## EXERCISE OBJECTIVE:
Give back exactly the lines of the data below, starting with the line that has "Venini Bianconi Murano" and going on through the line that has "Redonda Pegatina inicial".

## DATA FOR THE TASK:
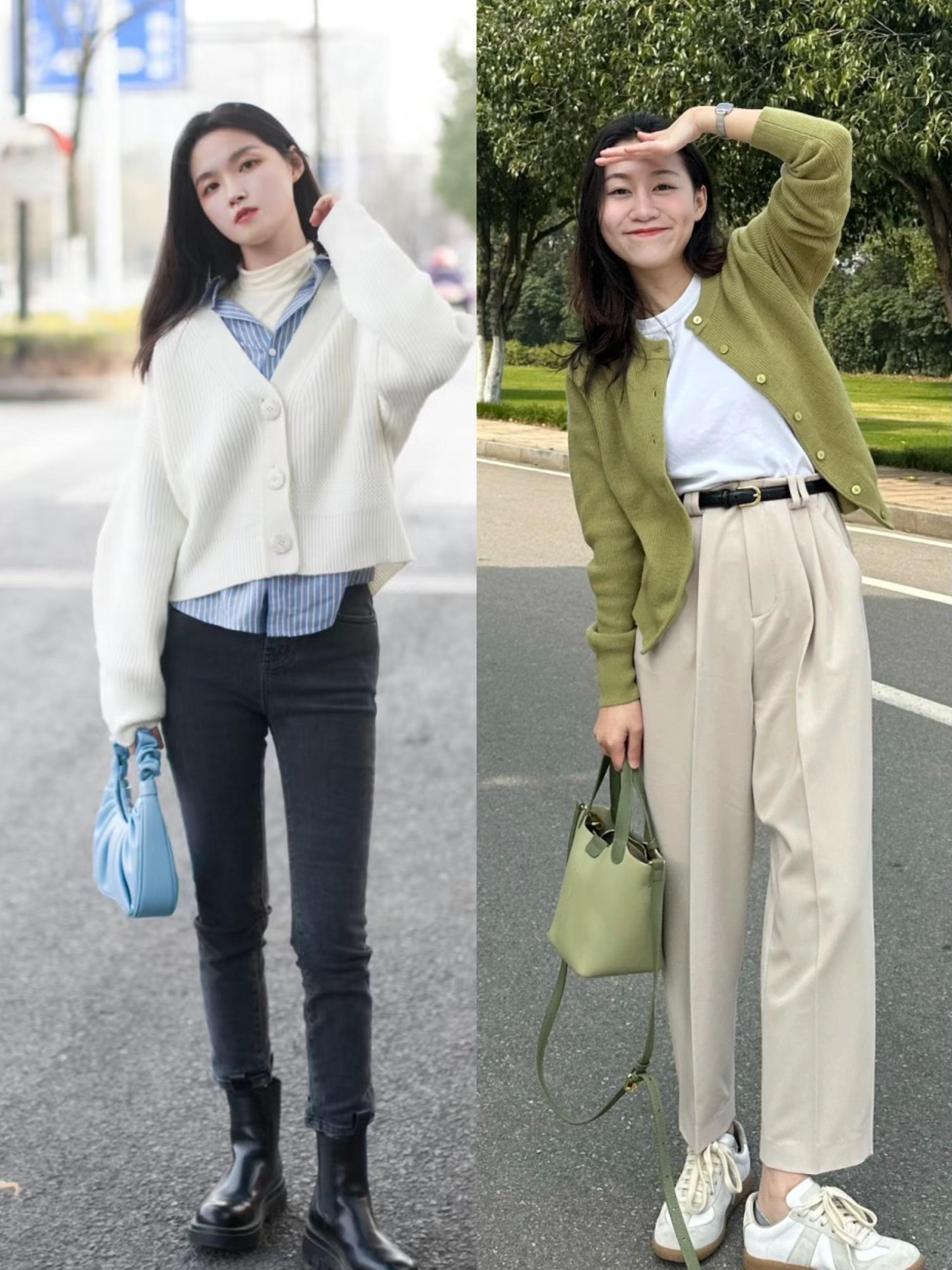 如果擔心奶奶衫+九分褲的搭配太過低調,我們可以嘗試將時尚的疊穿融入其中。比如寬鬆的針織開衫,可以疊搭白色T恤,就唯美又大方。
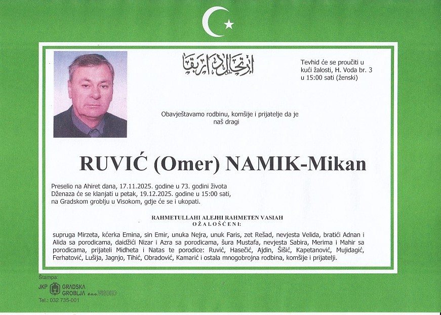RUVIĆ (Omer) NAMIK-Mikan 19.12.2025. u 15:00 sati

==

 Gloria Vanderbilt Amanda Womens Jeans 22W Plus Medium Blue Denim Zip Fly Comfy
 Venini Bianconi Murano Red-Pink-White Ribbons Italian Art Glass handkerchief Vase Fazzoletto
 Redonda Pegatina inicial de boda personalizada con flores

## EXPECTED ANSWER:
 Venini Bianconi Murano Red-Pink-White Ribbons Italian Art Glass handkerchief Vase Fazzoletto
 Redonda Pegatina inicial de boda personalizada con flores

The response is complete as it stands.